On Jackman’s 52nd birthday, here’s the story of how he got the role, and the indirect involvement of Tom Cruise in influencing his casting.
Dougray Scott was filming Mission: Impossible II and was supposed to jump onto X-Men immediately after finishing the film, but due to production delays, M:I 2 got pushed, and 20th Century Fox, which was depending heavily on the success of X-Men, could no longer wait for him and cast the relatively unknown Jackman as his replacement.

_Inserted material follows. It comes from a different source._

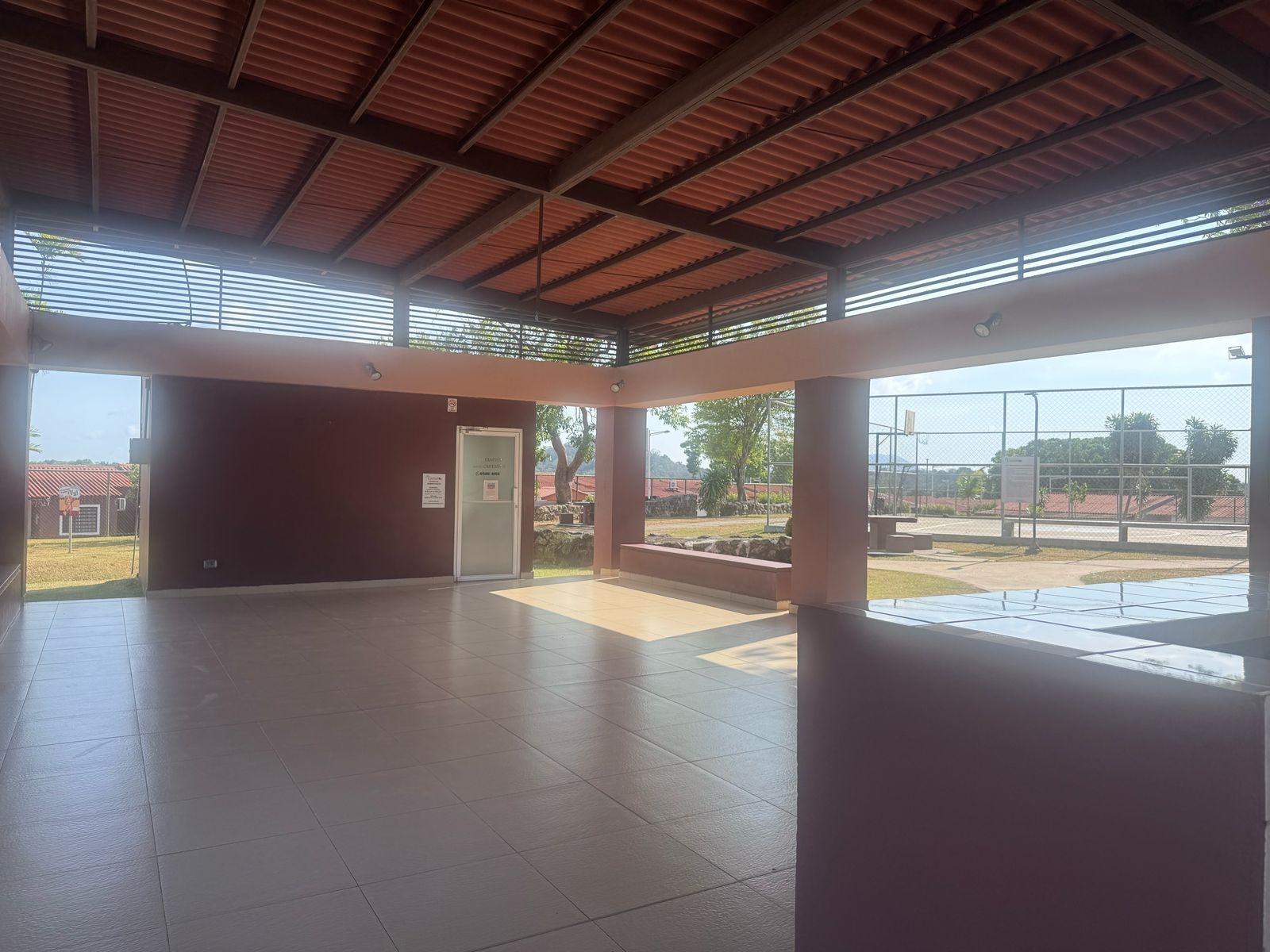 The property is located in a gated community with 24/7 security. It features a living room, dining room, kitchen, three bedrooms, one bathroom, one parking space, a patio, a social area, a playground, and basketball and volleyball courts. The streets are paved. It is also just one kilometer from the Arraiján La Chorrera Highway and close to the Costa Verde Shopping Center, schools, supermarkets, hospitals, clinics, and other amenities.

“The shoot has gone longer than expected, and Scott lost a few days with a shoulder injury,” a Variety report from 2000 said. Director Bryan Singer even pushed Scott’s scenes to buy more time, but that didn’t work out. The report continued, “Even though X-Men had begun production late last month, Fox was holding out hope until the last minute that Paramount would be able to give a stop date for Scott on M:I:2 so he could join the cast in Toronto this week. In the whirlwind casting change, Jackman’s deal was finalized late last week so he could be fitted for his claws over the weekend. He will begin rehearsals and action choreography today.”
In an interview to the Daily Telegraph, Scott put the blame squarely on Tom Cruise. “Tom Cruise didn’t let me do it,” he said. “We were doing Mission: Impossible and he was like, ‘You’ve got to stay and finish the film’ and I said I will, but I’ll go and do that as well. For whatever reason he said I couldn’t. He was a very powerful guy. Other people were doing everything to make it work.”
In an interview to The Daily Beast, Jackman said he’d auditioned for the part, but was offered it a full nine months later. “I actually got the part nine months after I’d first auditioned for it. I only went back and auditioned again after Dougray got caught up on Mission: Impossible II, so I had no idea who was going for it nor did I expect to get it,” he said. Scott holds nothing against Jackman. “I love what Hugh did with it,” he said. “He’s a lovely guy.”
Jackman concluded his run as Wolverine with 2017’s Logan, which made over $600 million worldwide and received an Oscar nomination for Best Adapted Screenplay.